Although a Democrat has not carried Texas since 1976, recent public and private polls suggest a highly competitive race, with some surveys showing Mr. Biden up narrowly and others showing Mr. Trump enjoying a small lead.
Yet even as leading figures in both parties urge their respective presidential nominees to take Texas seriously, the campaigns are still reluctant to spend precious remaining time and money there. Neither Mr. Trump nor Mr. Biden is expected to appear in the state before the election, the president has not spent a cent on television commercials, and until this week Mr. Biden had resisted advertising in Texas’ two largest markets, Houston and Dallas-Fort Worth.

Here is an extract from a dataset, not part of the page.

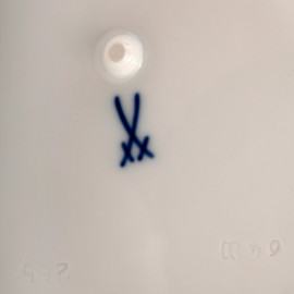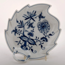 Lotto di tre vassoi a foggia di foglia in porcellana Meissen a fondo bianco con decori blu, misure massime cm 27x19, (difetti)

Though the state isn’t essential to a Biden victory, Democrats have been more aggressive here. Mr. Biden is dispatching his running mate, Senator Kamala Harris, to Texas on Friday, and Democrats have also planned a multicity bus tour across the state. A pair of Democratic billionaires, Dustin Moskovitz and Michael R. Bloomberg, have separately poured money into the state at the 11th hour.
Senator John Cornyn, a Republican facing his own difficult race against M.J. Hegar, said Wednesday that “the thing that worries me the most” is the Democrats’ late spending, predicting that he would be “outspent by more than 2-to-1.”
The stakes here are, well, Texas-sized.
A Biden win would doom Mr. Trump’s chances for re-election. More significantly, it would herald the arrival of a formidable multiracial Democratic coalition in the country’s largest red state. That would hand the Democrats an electoral upper hand nationwide and all but block Republicans from the White House until they improve their fortunes with college-educated white voters, younger people and minorities.
It’s those demographics that are imperiling Mr. Trump in Texas.
Recent polls, soaring early vote participation in the state’s most populous counties, and more than 50 interviews with Texans in three pivotal regions point to an increasingly competitive race because of a spike in turnout by an electorate that is diverse, loathes the president and makes a mockery of his pistols-and-petroleum stereotype of the state.